Me I'm using 60-100 fit if I'm running LXqt-KDE (no composer).
ea_man@reddit
No that does not have to do with the desktop usage.
ParaboloidalCrest@reddit
Will that cannibalize the memory necessary for
compute buffer, which I assume is not accounted for byfit? I mean is there a fitt value so low that one might get an OOM?ea_man@reddit
If you are headless you should use all your VRAM for compute.

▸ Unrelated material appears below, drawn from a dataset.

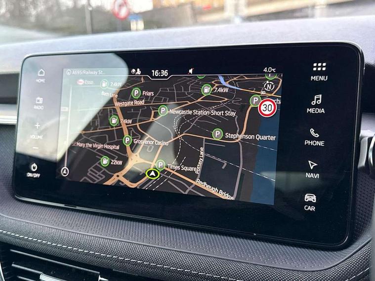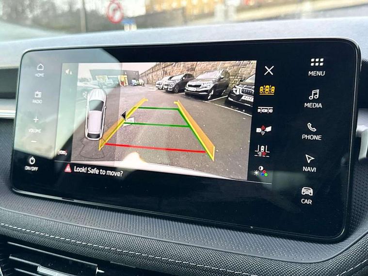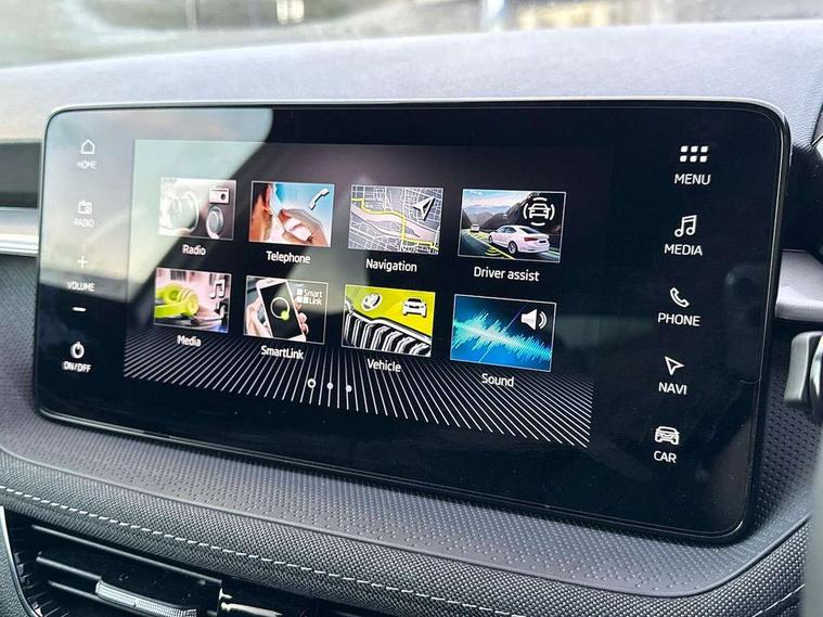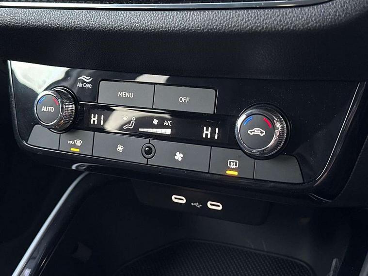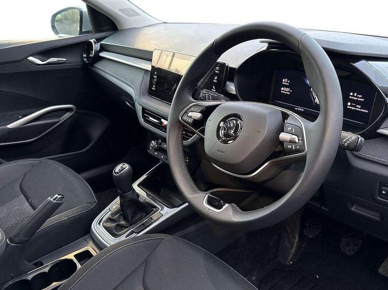 Advanced driver attention and drowsiness monitor, Bluetooth connection, Electromechanical power steering, Exterior temperature gauge, Service interval indicator, Traffic sign recognition, Virtual cockpit with 10.25" colour display, Wireless SmartLink for Apple CarPlay and Android Auto, 6 Speakers (4 in front and 2 in rear), 9.2" colour display skoda navigation system with voice control and web radio, Auxiliary socket for external MP3 player, DAB digital radio reception, Auto dimming rear view mirror, Body colour door mirrors, Body coloured bumpers, Chrome window surround, Door mirror integrated indicators, Front and rear electric windows, Front window wiper intermittent control, Headlight range control - Automatic, Ice scraper in fuel cap, LED 3rd brake light, LED daytime running lights with coming and leaving home feature, LED rear lights, Privacy glass, Rear LED fog light, Rear side wing doors, Rear window wiper with washing nozzles, Roof mounted spoiler, SKODA tailgate lettering in chrome, Unique dark chrome design logo on alloy wheels, 2 LED reading lights in front and rear, 3 rear headrests, Backrest split and folding, Central console with removable cup holder and storage box, Chrome handbrake release button, Comfort seats, Door sills with fabia badging, Dual zone air conditioning with climatronic electronic control, Fabric upholstery, Front centre armrest, Gearshift knob/handle in leather, Hand brake lever handle in leather, Height adjustable front headrests, Height adjustable front seats, Height adjustable steering wheel, ISOFIX and TopTether anchorage points to the outer rear seats, ISOFIX and TopTether on the front passenger seat, Luggage compartment lighting, Manually adjustable lumbar support in front seats, Metallic grey interior door handles, Pollen filter, Rear seat bench unsplit, Single front passenger seat, Skoda lettering on steering wheel, Storm grey headlining, Sun visors with mirror and airbag label on passenger side, Textile floor mats, Ticket holder, Umbrella in drivers door, 3-point height adjustable front seats belts with pretensioner and force limiter, Automatic warning lights in case of crash, Driver and passengers airbag with switch off function, e-Call+, ESC including ABS, MSR, ASR, EDS, HBA and XDS, Front and rear seat belt warning, FRONT ASSIST (AEB City and AEB Inter Urban), Front side airbags, Head airbags, One tone horn, Pedestrian protection, Three rear 3-points safety seat belts with pretensioner and force limiter including stop function for outer rear seat belts, Tyre pressure monitoring system, Anti-theft alarm system including immobiliser, interior monitoring, backup horn, and towing protection, Central locking with radio remote control, interior controls, SAFE function and 2 foldable keys, Black painted air vents, Metallic grey central console cover, Metallic grey upper decorative trim, Satin black door and side trim panel in front, Textile microsuede grey lower decorative trim with art grey stitching, Anti-theft wheel bolts protection, Super-low rolling resistance tyres,

Also it's not like that if you go 10mb out of VRAM the machine explodes, it will just be slower.
YourNightmar31@reddit
Wait what? What is fit target and why is it different from "fit on"?
puncia@reddit
It's not different. Fit (
-fit) attempts to fit everything into VRAM, leaving some headroom (1024MiB by default). Fit target (-fitt) is just an override for that headroom.DunderSunder@reddit
so i'm on a laptop and the Nvidia GPU is not used normally (iGPU is used for apps and display) . Would that mean I can set fitt as small as possible or there is some stuff that has to be taken into account?
puncia@reddit
Yes, you could even theoretically set it to 0 if you are sure nothing else is using VRAM. Even if you were to open a game (which would want to go to your powerful gpu), let's say, nothing would happen besides the game going at like 10 fps, and this is because by default nvidia drivers let the excess VRAM spill into system RAM (sysmem fallback).
Also,
-fittsupports a comma-separated list of values for multi-gpu. For example-fitt 256, 512would let 256 and 512 MiB of headroom in your GPU 0 and GPU 1 respectively. You'd have to watch llama's output to see where it's actually allocating GPU in your case though, because I'm not sure myself how it behaves with a setup of that kind.a9udn9u@reddit (OP)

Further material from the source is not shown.